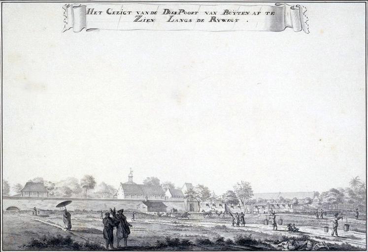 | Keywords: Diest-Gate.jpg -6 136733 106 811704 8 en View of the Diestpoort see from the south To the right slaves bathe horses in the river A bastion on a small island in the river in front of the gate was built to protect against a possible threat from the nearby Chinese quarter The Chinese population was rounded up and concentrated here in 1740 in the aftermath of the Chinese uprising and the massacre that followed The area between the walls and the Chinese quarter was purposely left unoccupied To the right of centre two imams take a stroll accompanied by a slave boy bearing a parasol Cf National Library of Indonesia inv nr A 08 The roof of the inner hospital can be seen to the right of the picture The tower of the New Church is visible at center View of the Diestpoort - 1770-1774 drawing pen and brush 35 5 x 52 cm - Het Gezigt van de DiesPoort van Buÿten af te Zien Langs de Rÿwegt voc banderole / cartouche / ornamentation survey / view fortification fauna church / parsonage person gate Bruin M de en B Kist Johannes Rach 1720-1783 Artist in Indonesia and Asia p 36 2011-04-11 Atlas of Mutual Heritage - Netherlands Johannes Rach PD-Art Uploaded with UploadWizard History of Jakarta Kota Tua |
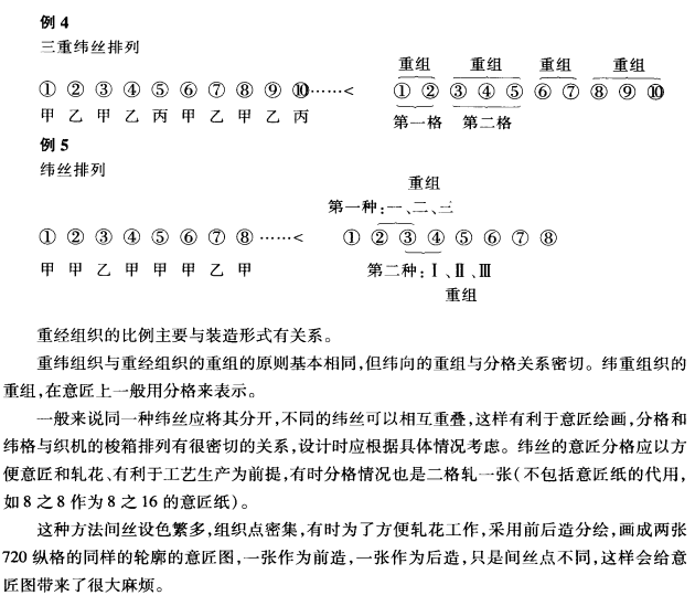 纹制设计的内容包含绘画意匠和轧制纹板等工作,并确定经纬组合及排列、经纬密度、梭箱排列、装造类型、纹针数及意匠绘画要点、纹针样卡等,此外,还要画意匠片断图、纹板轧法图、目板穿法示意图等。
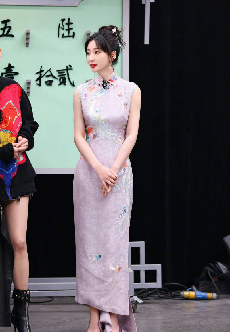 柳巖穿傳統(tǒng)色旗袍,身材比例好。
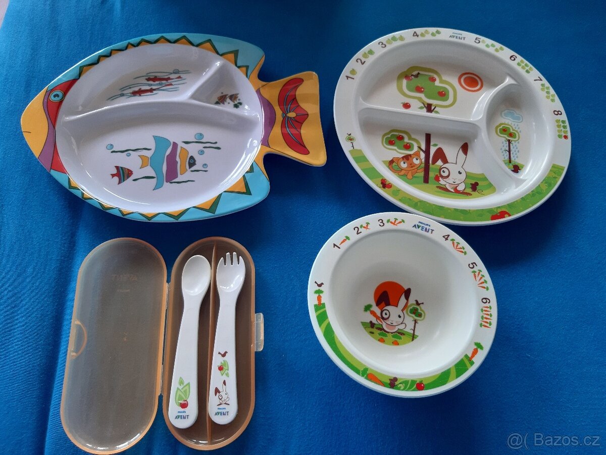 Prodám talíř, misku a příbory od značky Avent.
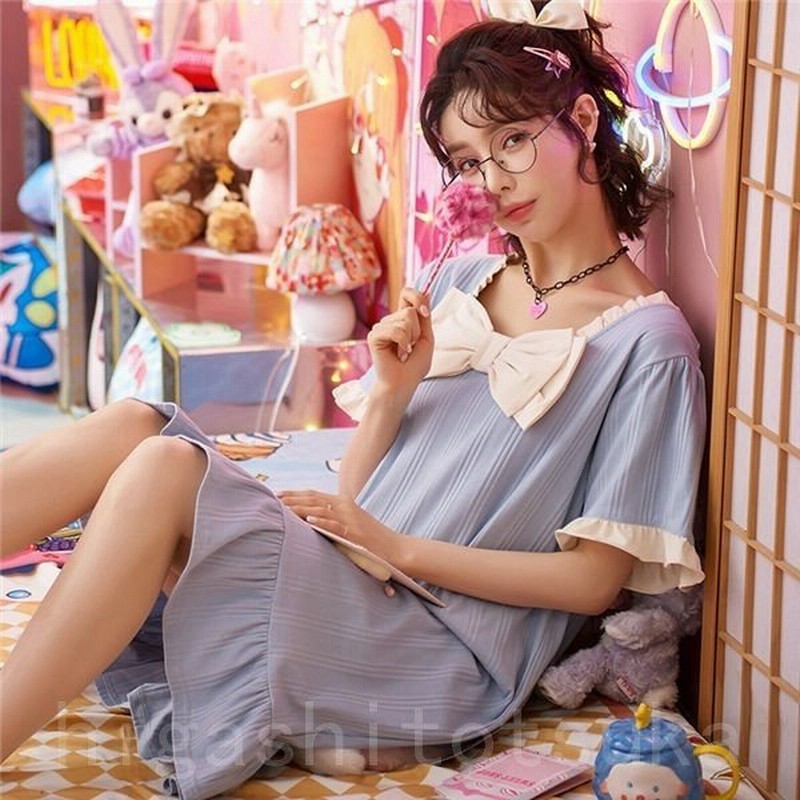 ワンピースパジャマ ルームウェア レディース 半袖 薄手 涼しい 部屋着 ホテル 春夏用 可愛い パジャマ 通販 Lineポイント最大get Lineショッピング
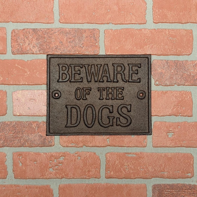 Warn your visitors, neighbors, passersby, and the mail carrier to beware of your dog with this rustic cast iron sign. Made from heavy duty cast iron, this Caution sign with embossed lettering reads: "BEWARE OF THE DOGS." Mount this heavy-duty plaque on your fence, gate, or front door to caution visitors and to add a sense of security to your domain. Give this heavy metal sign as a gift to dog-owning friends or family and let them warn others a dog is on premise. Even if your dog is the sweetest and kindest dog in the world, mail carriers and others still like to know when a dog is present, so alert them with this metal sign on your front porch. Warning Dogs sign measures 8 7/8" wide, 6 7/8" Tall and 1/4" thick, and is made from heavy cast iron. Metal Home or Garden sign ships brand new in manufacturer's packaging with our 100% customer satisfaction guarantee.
+ + + + + + +
What is being asked
Only the pictures are to be left out; the rest of the material above should be printed verbatim.

Solution
 | Keywords: Diest-Gate.jpg -6 136733 106 811704 8 en View of the Diestpoort see from the south To the right slaves bathe horses in the river A bastion on a small island in the river in front of the gate was built to protect against a possible threat from the nearby Chinese quarter The Chinese population was rounded up and concentrated here in 1740 in the aftermath of the Chinese uprising and the massacre that followed The area between the walls and the Chinese quarter was purposely left unoccupied To the right of centre two imams take a stroll accompanied by a slave boy bearing a parasol Cf National Library of Indonesia inv nr A 08 The roof of the inner hospital can be seen to the right of the picture The tower of the New Church is visible at center View of the Diestpoort - 1770-1774 drawing pen and brush 35 5 x 52 cm - Het Gezigt van de DiesPoort van Buÿten af te Zien Langs de Rÿwegt voc banderole / cartouche / ornamentation survey / view fortification fauna church / parsonage person gate Bruin M de en B Kist Johannes Rach 1720-1783 Artist in Indonesia and Asia p 36 2011-04-11 Atlas of Mutual Heritage - Netherlands Johannes Rach PD-Art Uploaded with UploadWizard History of Jakarta Kota Tua |
 纹制设计的内容包含绘画意匠和轧制纹板等工作,并确定经纬组合及排列、经纬密度、梭箱排列、装造类型、纹针数及意匠绘画要点、纹针样卡等,此外,还要画意匠片断图、纹板轧法图、目板穿法示意图等。
 柳巖穿傳統(tǒng)色旗袍,身材比例好。
 Prodám talíř, misku a příbory od značky Avent.
 ワンピースパジャマ ルームウェア レディース 半袖 薄手 涼しい 部屋着 ホテル 春夏用 可愛い パジャマ 通販 Lineポイント最大get Lineショッピング
 Warn your visitors, neighbors, passersby, and the mail carrier to beware of your dog with this rustic cast iron sign. Made from heavy duty cast iron, this Caution sign with embossed lettering reads: "BEWARE OF THE DOGS." Mount this heavy-duty plaque on your fence, gate, or front door to caution visitors and to add a sense of security to your domain. Give this heavy metal sign as a gift to dog-owning friends or family and let them warn others a dog is on premise. Even if your dog is the sweetest and kindest dog in the world, mail carriers and others still like to know when a dog is present, so alert them with this metal sign on your front porch. Warning Dogs sign measures 8 7/8" wide, 6 7/8" Tall and 1/4" thick, and is made from heavy cast iron. Metal Home or Garden sign ships brand new in manufacturer's packaging with our 100% customer satisfaction guarantee.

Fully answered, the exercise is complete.